SASL has had Digest support for quite some time, but is not entirely
compatible with HTTP Digest.

> * How web CGIs, PHP modules, etc. interface to the HTTP server's DIGEST support

As first point above, but server implementation.

> * How to tie the DIGEST identity to whatever real identity system happens to
>   be deployed at the web site.  From an IETF standards perspective, that
>   means getting the LDAP directory entry and/or RADIUS/DIAMETER attributes for
>   the user to the subsystem that needs that information.  In practice this can
>   also involve a SQL database with unspecified keys and attributes.

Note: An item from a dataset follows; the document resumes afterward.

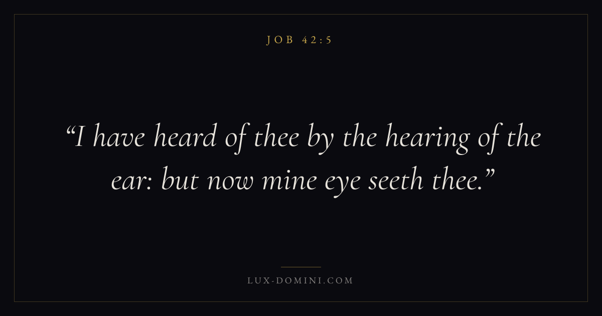 Books / Job / Chapter 42 / Verse 5 ← Job 42:4 Job 42:5 Job 42:6 → I have heard of thee by the hearing of the ear: but now mine eye seeth thee. Download verse card Share on Twitter Share on Facebook Pin it ✦ Key themes Suffering and trialsWisdomJustice and mercySuffering Read with Job 42:6Romans 8:182 Corinthians 4:17Proverbs 1:7 Related topics Bible verses about suffering and trialsBible verses about wisdomBible verses about justice and mercy ✦ Job Chapter 42 verses V. 1 V. 2 V. 3 V. 4 V. 5 V. 6 V. 7 V. 8 V. 9 V. 10 V. 11 V. 12 V. 13 V. 14 V. 15 V. 16 V. 17

HTTP is no different here than any other protocol in this regard. IPSec,
TLS, PPP, FTP, SMTP, SNMP, BGP, IMAP, etc etc.. all have similar needs
in identification of the involved parties, and all fight the same
integration problems more or less. But in several of those areas the
problems discussed regarding HTTP authentication is more accepted as
"how things work" and not considered such big problem..

But it's also true that the use of plaintext is very common due to much
the same reasons in integration and migration.

> * How a web page can securely associate branding with a DIGEST authentication
>   UI in the browser

Yes.

> * How to migrate an existing password repository using an arbitrary
>   one-way-function to store password verifiers to one that's DIGEST compatible,
>   and do so in a way that won't generate service calls from customers.

The simple fact that there is some migration is usually sufficient to
stop such project even at the planning stage. But it's unavoidable in
order to get away from plain-text exchanges.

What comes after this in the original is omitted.